For a given gene annotation and RNA-seq alignments, you can predict transcript models in intergenic genomic regions:

##
## assuming the stringtie binary is in folder /usr/local/stringtie-1.3.3/
##
pram::runPRAM(  in_gtf, in_bamv, out_gtf, method='plst',
                stringtie='/usr/loca/stringtie-1.3.3/stringtie')

Examples

PRAM has included input examples files in its extdata/demo/ folder. The table below provides a quick summary of all the example files.

Table: runPRAM()'s input example files.

| input argument | file name(s) | |:--------------:|:------------:| | in_gtf | in.gtf | | in_bamv | SZP.bam, TLC.bam |

You can access example files by system.file() in R, e.g. for the argument in_gtf, you can access its example file by

system.file('extdata/demo/in.gtf', package='pram')

Below shows the usage of runPRAM() with example input files:

in_gtf = system.file('extdata/demo/in.gtf', package='pram')
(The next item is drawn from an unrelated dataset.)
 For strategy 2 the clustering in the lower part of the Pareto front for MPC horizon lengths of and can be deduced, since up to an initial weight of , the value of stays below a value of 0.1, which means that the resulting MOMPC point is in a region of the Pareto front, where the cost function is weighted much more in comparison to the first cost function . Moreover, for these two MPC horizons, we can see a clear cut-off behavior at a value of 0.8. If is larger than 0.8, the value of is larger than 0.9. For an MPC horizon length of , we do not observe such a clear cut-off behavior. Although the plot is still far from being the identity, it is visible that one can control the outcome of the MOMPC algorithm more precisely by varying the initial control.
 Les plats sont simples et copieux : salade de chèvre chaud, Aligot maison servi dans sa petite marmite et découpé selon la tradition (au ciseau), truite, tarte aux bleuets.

in_bamv = c(system.file('extdata/demo/SZP.bam', package='pram'),
            system.file('extdata/demo/TLC.bam', package='pram') )
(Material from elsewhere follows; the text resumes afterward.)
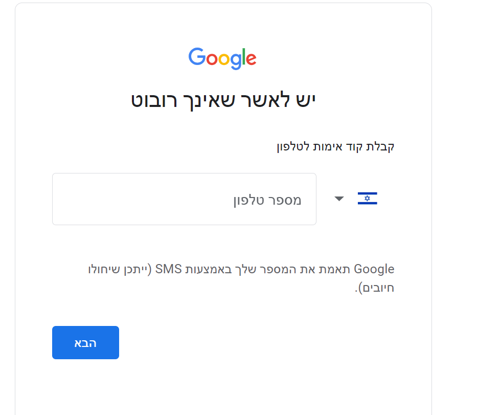 בגדול היום גוגל כמעט תמיד מבקשים טל' לשליחת SMS

pred_out_gtf = tempfile(fileext='.gtf')

##
## assuming the stringtie binary is in folder /usr/local/stringtie-1.3.3/
##
pram::runPRAM(  in_gtf, in_bamv, pred_out_gtf, method='plst',
                stringtie='/usr/loca/stringtie-1.3.3/stringtie')
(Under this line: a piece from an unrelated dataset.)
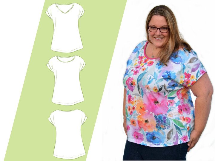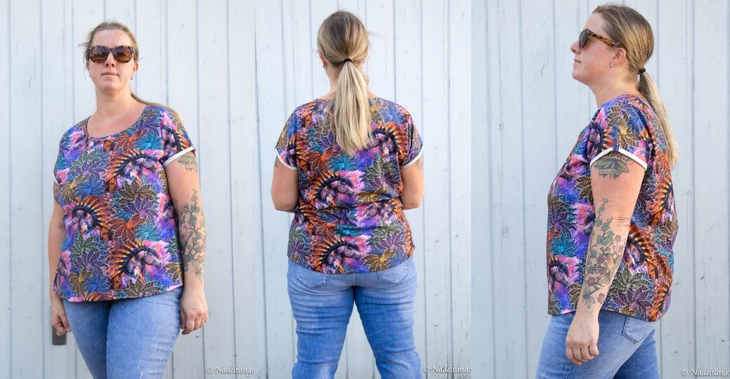 Ein leicht Tailliert und locker fallendes Sommershirt für Damen. Es hat keine eingesetzten Ärmel und ist somit ganz fix genäht.

Define intergenic genomic ranges: defIgRanges()

Description

To predict intergenic transcripts, we must first define intergenic regions by defIgRanges(). This function requires a GTF file containing known gene annotation supplied for its in_gtf argument. This GTF file should contain an attribue of gene_id in its ninth column. We provided an example input GTF file in PRAM package: extdata/gtf/defIGRanges_in.gtf.

In addition to gene annotation, defIgRanges() also requires user to provide chromosome sizes so that it would know the maximum genomic ranges. You can provide one of the following arguments:

url_hg19_chromsize=
'http://hgdownload.cse.ucsc.edu/goldenpath/hg19/database/chromInfo.txt.gz'

By default, defIgRanges() will define intergenic ranges as regions 10 kb away from any known genes. You can change it by the radius argument.

Example

pram::defIgRanges(system.file('extdata/gtf/defIgRanges_in.gtf', package='pram'),
                genome = 'hg38')

Prepare input RNA-seq alignments: prepIgBam()

Description

Once intergenic regions were defined, prepIgBam() will extract corresponding RNA-seq alignments from input BAM files. In this way, transcript models predicted at later stage will solely from intergenic regions. Also, with fewer RNA-seq alignments, model prediction will run faster.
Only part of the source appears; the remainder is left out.